In this respect, I’d categorize Two on a Guillotine as strictly a romantic… not comedy, but thriller, I guess. Nevertheless, I enjoyed it. It was nice to see the drama of the story in detail instead of painted in broad strokes to give the movie a 90-minute running time. Plus, the circumstance of the romance are, if not scary, certainly creepy, especially at the end when -spoiler alert- ‘Duke’ Duquesne (Cesar Romero) confuses his daughter for his wife and tries to make the moves on her.

You see, Duke was a vaudeville magician and his wife, Melinda (also played by Connie Stevens) was his assistant. When she disappeared, he went into retirement, never knowing his daughter, Cassie. Years later, when Cassie is grown and the spitting image of her mother, she attends his funeral and learns she will be his sole heir if she spends a week in his old dark house until he returns from the grave to greet her.

Depending on your experience with such films, you know someone is going to try to drive Cassie from the house. It could be Duke’s press agent, ‘Buzz’ Sheridan (Parley Baer), or his devoted assistant, Dolly Bast (Virginia Gregg.) The inheritance will be split between them if Cassie doesn’t honor Duke’s wishes. They seem too obvious, though, especially when Val accuses them in strong fashion.

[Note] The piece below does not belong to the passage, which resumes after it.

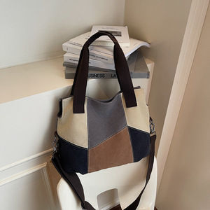 シンプルなファッションレディースバッグコントラストカラーキャンバスバッグ女性の大容量レトロコントラストカラーステッチ布バッグ新しいショルダーハンドバッグ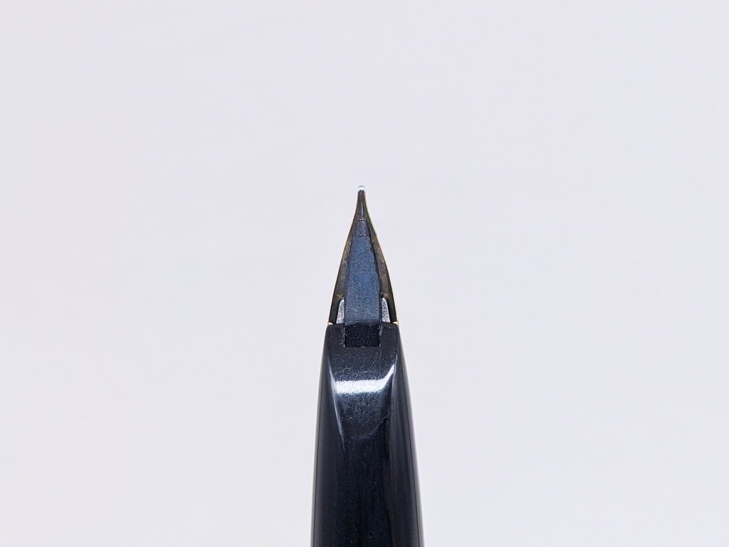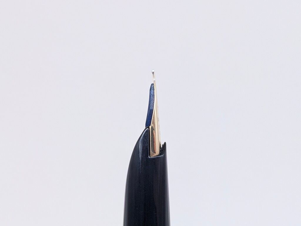 中古品(未使用品) オーバーホール済み ペン先調整済み 字幅:ペン先表記「M」 中字 インク:カートリッジ式 コンバータ式 軸の使用感:新品同様 付属品:カートリッジ1本(ブルーブラック) 万年筆診断書 ========== 1979年9月製造 「H979」 生産終了品 ペン先14金 当時定価:3,000円 〄 全長:119mm

Could it be that Duke will return, performing the ultimate magic trick? Is his ghost haunting the house and Cassie? Or is something else rattling chains and otherwise causing things to go bump in the night? Two on a Guillotine is fun, just a little padded, which dilutes the suspense. The characters are likable and the actors portraying them appealing. Romero is perfect as the potentially diabolic magician.

Stevens is… pretty. Jones makes the movie lean toward comedy for me. Later that year, he’d be “discovered” by Disney and turn into one of their regular and most reliable stars after That Darn Cat! was successful. My favorite is Virginia Gregg, whose Dolly is a hot mess. She may sound familiar from another little thriller to which either William can only aspire…she was the voice of Mrs. Bates in Alfred Hitchcock’s Psycho (1960.)